### What to work on
Copy out exactly the stretch below, from the line with "Garry Gillard >" through the line with "Stap 1: Vanuit", both included; the pictures stay out.

### Raw data
=== Section Start ===

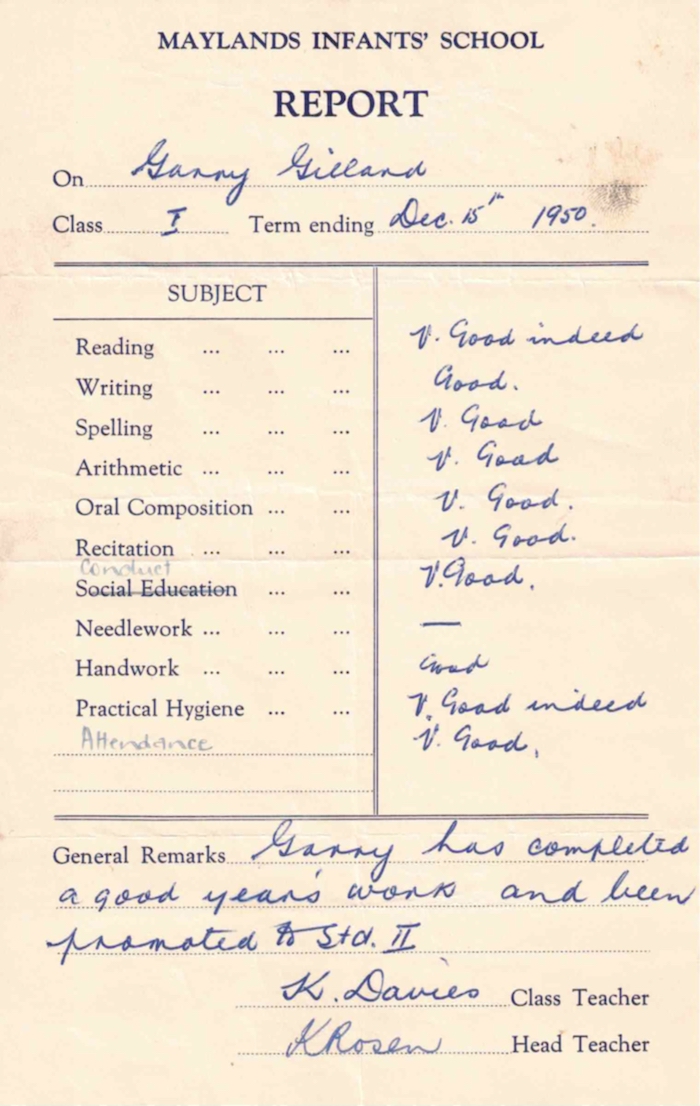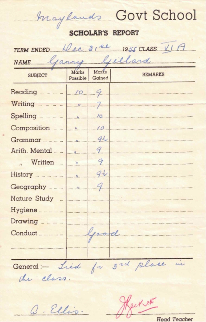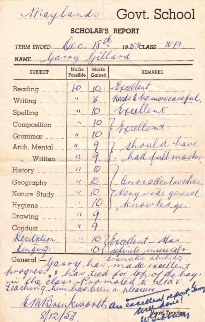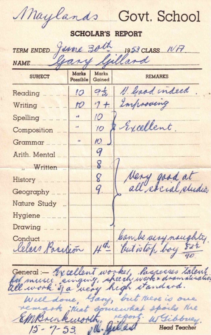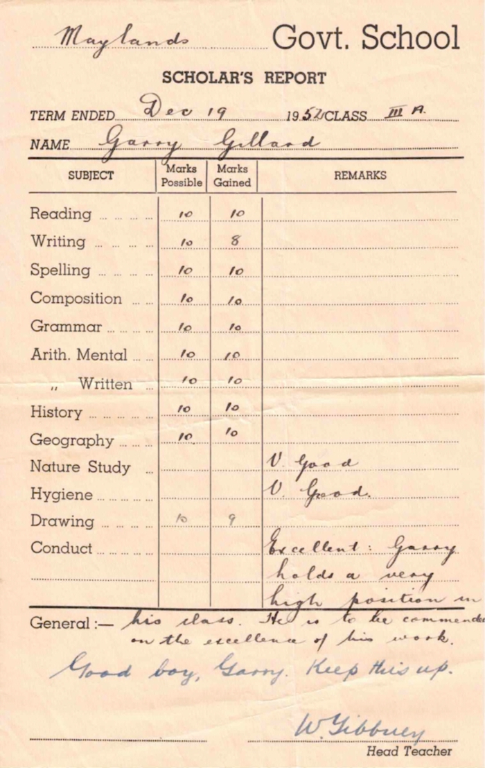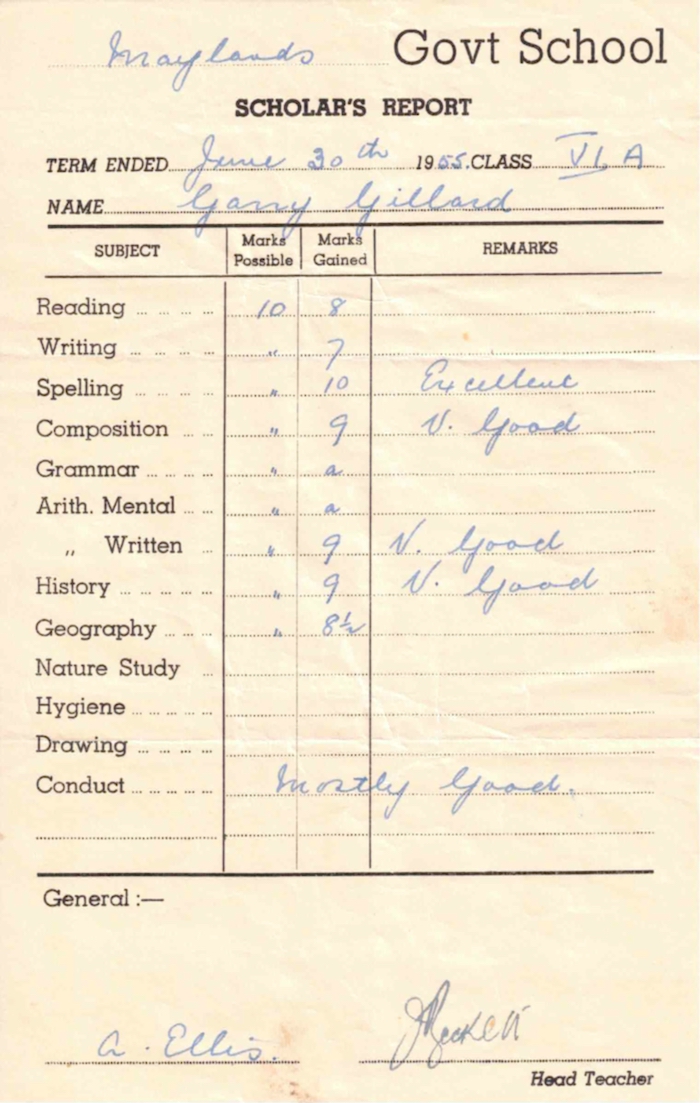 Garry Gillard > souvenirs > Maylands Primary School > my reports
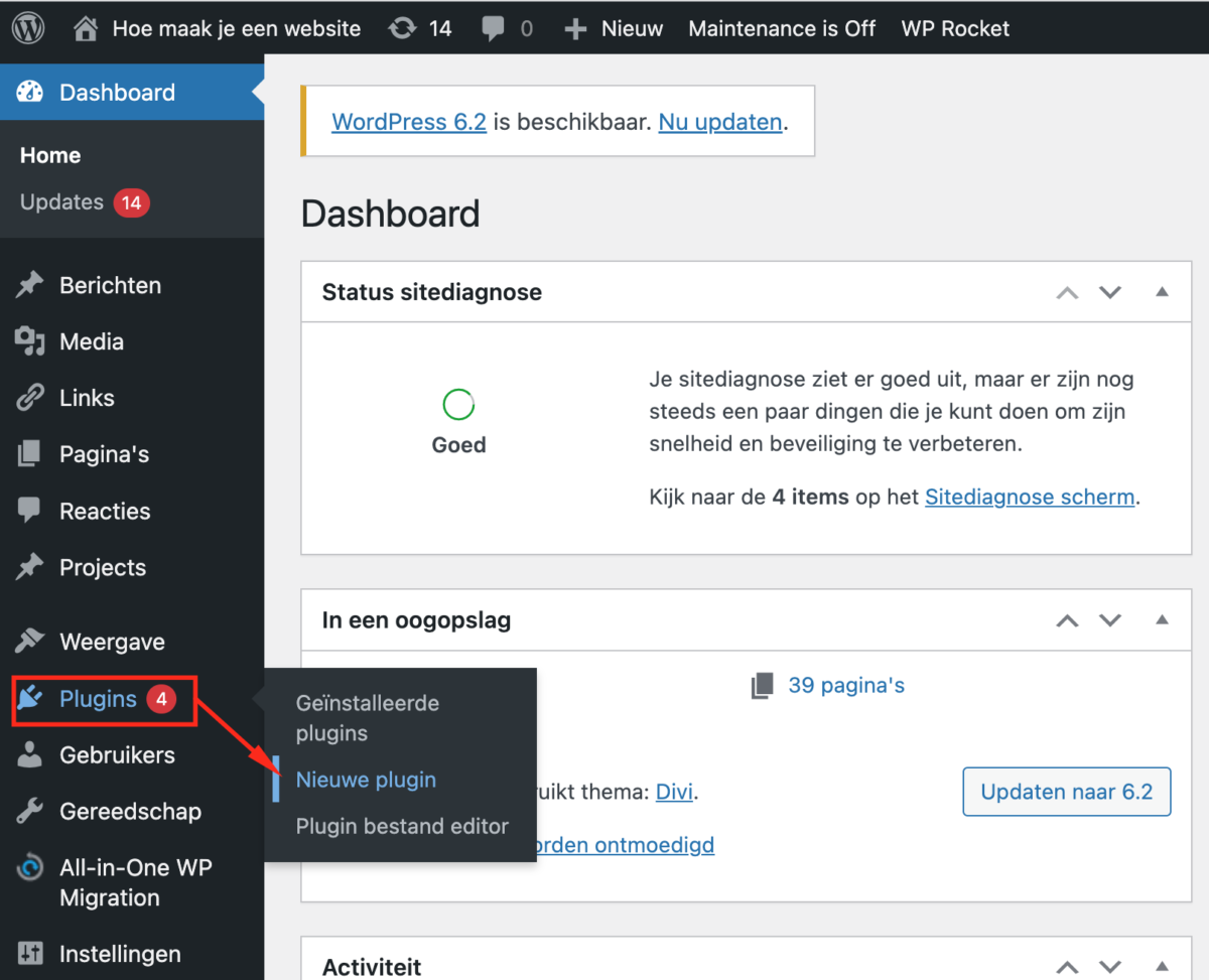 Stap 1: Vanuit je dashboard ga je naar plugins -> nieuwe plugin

=== Section End ===
=== Section Start ===

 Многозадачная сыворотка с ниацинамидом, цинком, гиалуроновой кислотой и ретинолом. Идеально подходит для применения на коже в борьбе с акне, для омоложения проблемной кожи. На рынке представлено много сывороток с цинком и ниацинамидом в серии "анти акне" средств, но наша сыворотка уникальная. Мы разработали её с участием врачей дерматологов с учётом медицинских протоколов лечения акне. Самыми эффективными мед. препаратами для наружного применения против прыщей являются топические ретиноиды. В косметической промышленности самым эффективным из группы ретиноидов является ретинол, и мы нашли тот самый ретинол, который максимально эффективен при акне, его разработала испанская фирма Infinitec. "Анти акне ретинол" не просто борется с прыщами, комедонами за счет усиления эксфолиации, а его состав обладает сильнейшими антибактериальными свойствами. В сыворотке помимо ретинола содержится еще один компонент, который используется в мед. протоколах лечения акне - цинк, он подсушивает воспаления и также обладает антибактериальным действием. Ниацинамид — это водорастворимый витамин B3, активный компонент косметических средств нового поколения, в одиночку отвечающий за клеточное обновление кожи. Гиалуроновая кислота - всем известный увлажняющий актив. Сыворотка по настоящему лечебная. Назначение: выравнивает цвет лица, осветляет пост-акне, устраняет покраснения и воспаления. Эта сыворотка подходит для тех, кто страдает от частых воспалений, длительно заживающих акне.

=== Section End ===

### Written solution
 Garry Gillard > souvenirs > Maylands Primary School > my reports
 Stap 1: Vanuit je dashboard ga je naar plugins -> nieuwe plugin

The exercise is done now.